BEGIN DATASET CONTENT

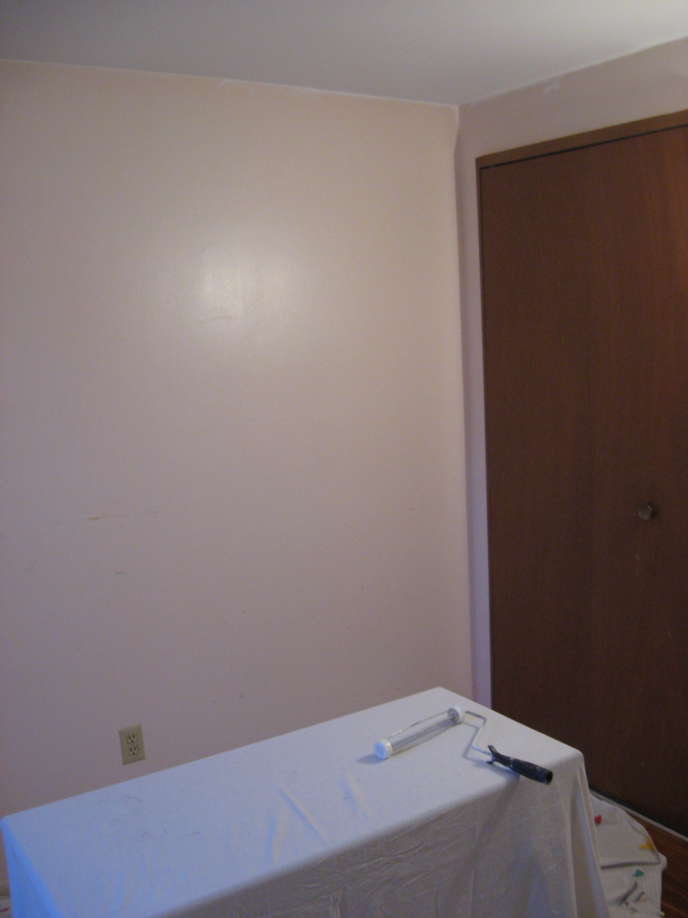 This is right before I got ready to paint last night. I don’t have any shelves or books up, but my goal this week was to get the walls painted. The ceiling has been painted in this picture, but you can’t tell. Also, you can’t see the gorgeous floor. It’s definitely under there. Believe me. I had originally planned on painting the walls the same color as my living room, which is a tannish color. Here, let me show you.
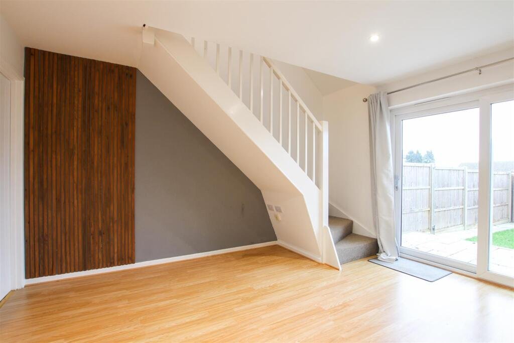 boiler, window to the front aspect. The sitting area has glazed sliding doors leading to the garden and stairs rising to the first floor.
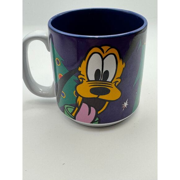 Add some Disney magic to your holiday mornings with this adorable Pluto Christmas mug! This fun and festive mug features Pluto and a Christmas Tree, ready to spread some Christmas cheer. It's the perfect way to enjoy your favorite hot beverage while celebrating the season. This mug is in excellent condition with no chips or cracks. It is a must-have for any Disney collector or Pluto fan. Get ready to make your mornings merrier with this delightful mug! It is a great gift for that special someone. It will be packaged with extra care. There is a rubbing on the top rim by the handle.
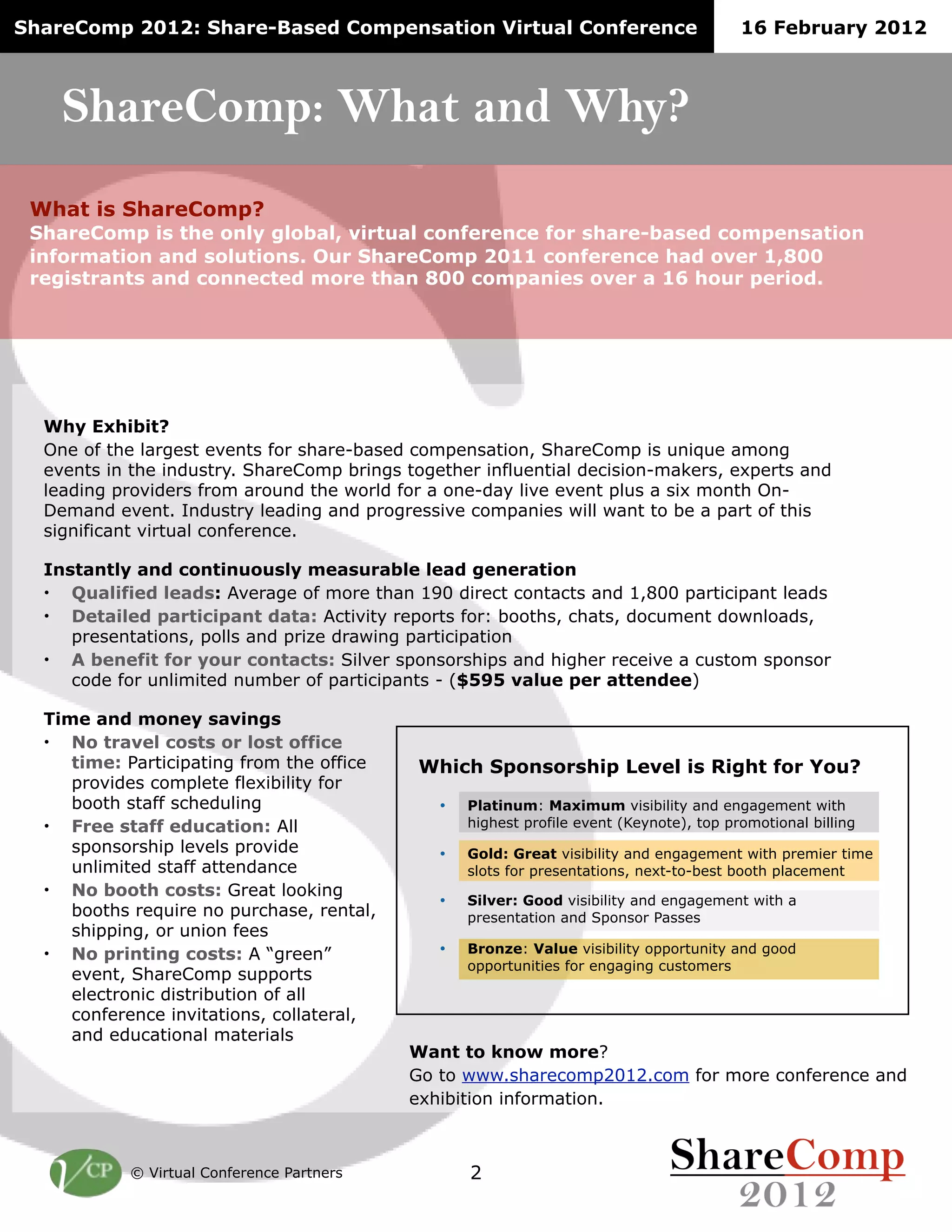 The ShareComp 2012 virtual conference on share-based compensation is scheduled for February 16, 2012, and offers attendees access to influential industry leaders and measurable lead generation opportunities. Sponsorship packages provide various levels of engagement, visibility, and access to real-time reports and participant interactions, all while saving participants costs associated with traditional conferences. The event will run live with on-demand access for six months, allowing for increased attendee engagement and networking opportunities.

END DATASET CONTENT

TASK GOAL: In transcribing the lines above, omit the images and keep all else exact.

FINISHED TASK:
 This is right before I got ready to paint last night. I don’t have any shelves or books up, but my goal this week was to get the walls painted. The ceiling has been painted in this picture, but you can’t tell. Also, you can’t see the gorgeous floor. It’s definitely under there. Believe me. I had originally planned on painting the walls the same color as my living room, which is a tannish color. Here, let me show you.
 boiler, window to the front aspect. The sitting area has glazed sliding doors leading to the garden and stairs rising to the first floor.
 Add some Disney magic to your holiday mornings with this adorable Pluto Christmas mug! This fun and festive mug features Pluto and a Christmas Tree, ready to spread some Christmas cheer. It's the perfect way to enjoy your favorite hot beverage while celebrating the season. This mug is in excellent condition with no chips or cracks. It is a must-have for any Disney collector or Pluto fan. Get ready to make your mornings merrier with this delightful mug! It is a great gift for that special someone. It will be packaged with extra care. There is a rubbing on the top rim by the handle.
 The ShareComp 2012 virtual conference on share-based compensation is scheduled for February 16, 2012, and offers attendees access to influential industry leaders and measurable lead generation opportunities. Sponsorship packages provide various levels of engagement, visibility, and access to real-time reports and participant interactions, all while saving participants costs associated with traditional conferences. The event will run live with on-demand access for six months, allowing for increased attendee engagement and networking opportunities.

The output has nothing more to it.